Miguel J. Chamorro, partner with Lydecker Diaz.

It may soon be easier to take deposition and trial testimony from remote witnesses. Growing confidence in the use of real-time communications equipment to take the testimony of witnesses located elsewhere has generated proposed amendments to Florida’s rules of court procedure that may incentivize the use of such equipment—by allowing witnesses to be sworn in remotely. Currently, the rules require an officer who is legally authorized to administer oaths to swear in the witness while in the physical presence of the witness. This can be inconvenient, as officers may not be readily available where the witness is located. A witness who wishes to testify via television from her home or office, for example, could not do so unless the witness is before an officer who can swear her in. To eliminate such inconveniences, The Florida Bar’s Civil Procedure Rules Committee (CivPRC) and Rules of Judicial Administration Committee (RJAC) are proposing changes to Florida Rules of Civil Procedure 1.310 (Depositions Upon Oral Examination) and 1.451 (Taking Testimony) and Florida Rule of Judicial Administration 2.530 (Communication Equipment) that eliminate the physical presence requirement when testimony is taken by audiovisual communications equipment.
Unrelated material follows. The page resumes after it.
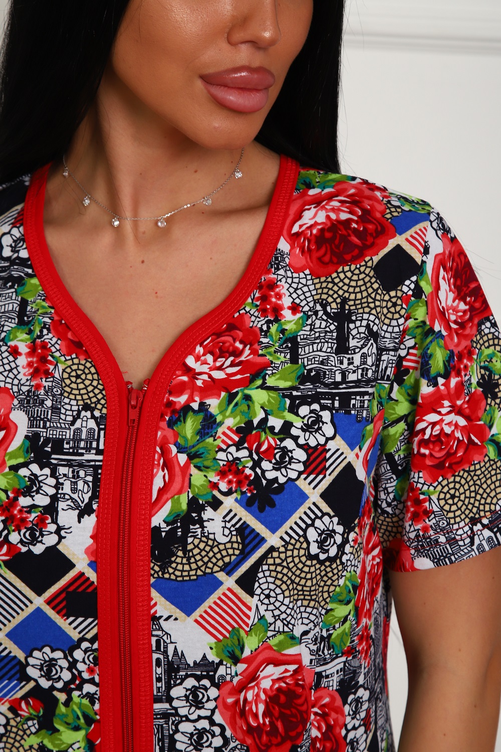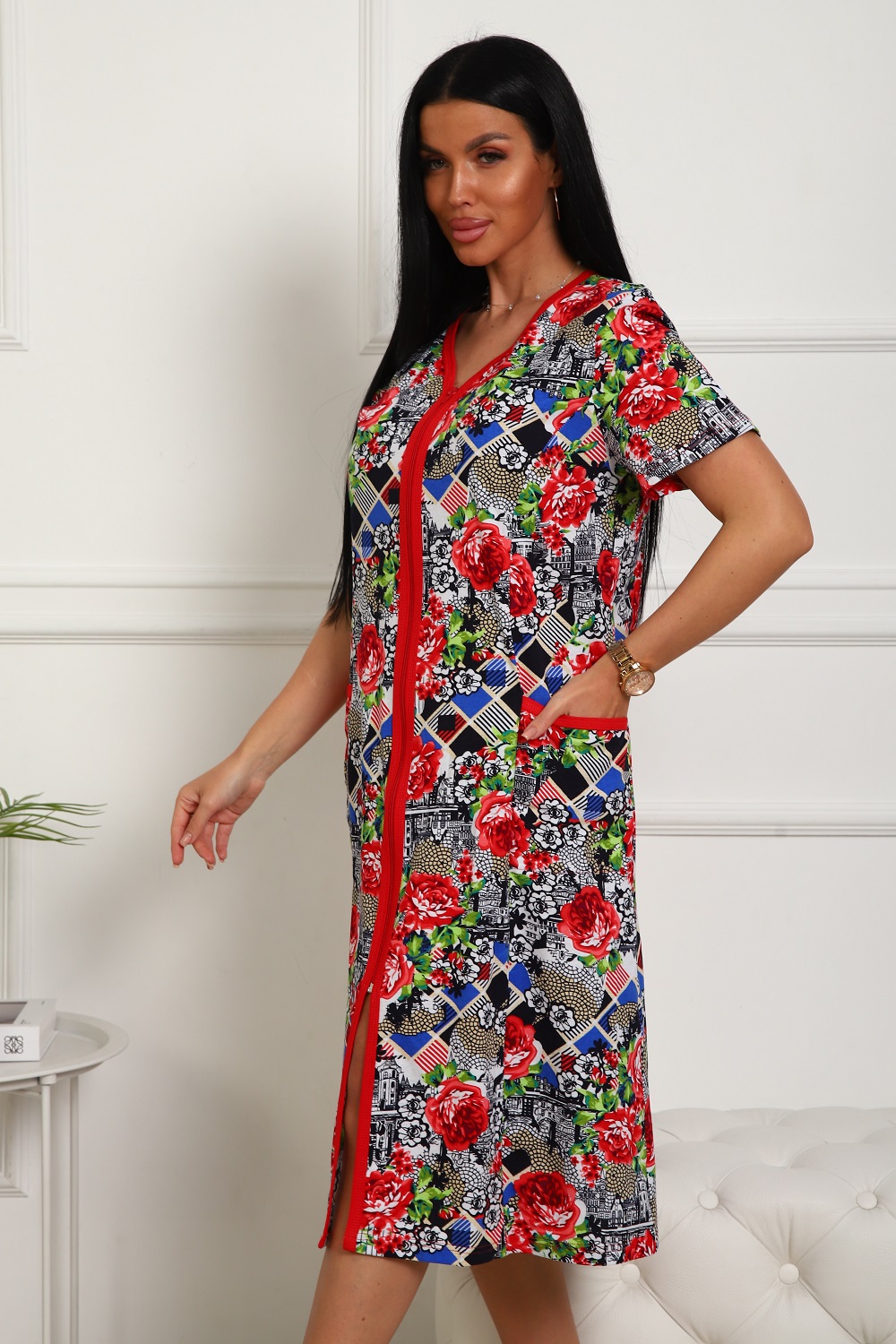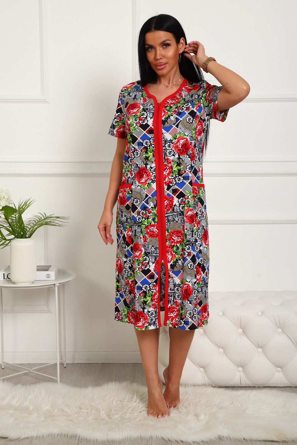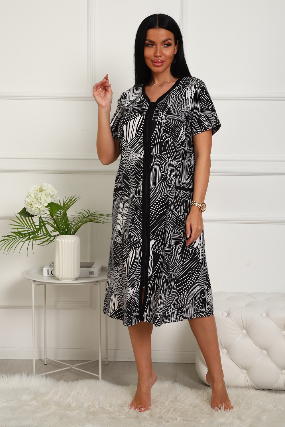 Халат женский трикотажный, с карманами, их 100% хлопка, немаркий. Внимание! Расцветки и рисунок - ассорти - цвет и рисунок поставляется рандомно. В размерах 52, 54, 60, 62, 64, 66, 68 рисунки разные, но цветовая гамма только черно-белая. В других размерах цветовая гамма и чёрно-белая, и других цветов согласно фото.

The CPRC’s and RJAC’s joint proposal provides, inter alia, that a remote witness can be sworn in remotely (i.e., through a television screen) when audiovisual equipment is used to take testimony. If the equipment used is not audiovisual (e.g., it is telephonic), the officer still must be present with the witness to administer the oath. The proposals do not affect who can administer oaths and the requirement that the officer who administers oaths be authorized to do so in accordance with the laws of the jurisdiction where the witness is located, as these are matters of statutory law.

Although the proposals do not extend to out-of-state witnesses, they are a boon to residents and businesses of Florida’s vast territory. From the comfort of her home, for example, a witness in Pensacola with the proper technology could provide testimony to lawyers in Miami without needing to meet an officer solely for the purpose of being sworn in. The witness need not, furthermore, testify elsewhere solely because of the physical presence requirement. The witness can be sworn in from the lawyers’ office and show photographic identification if necessary (potentially saving time and costs to witnesses and litigants). Upon agreement of the parties, the testimony could be taken through readily-available audiovisual equipment, provided it can be recorded and transcribed as required by existing rules of court. The CivPRC’s and RJAC’s proposals, therefore, may encourage the taking of audiovisual testimony from remote witnesses located throughout Florida.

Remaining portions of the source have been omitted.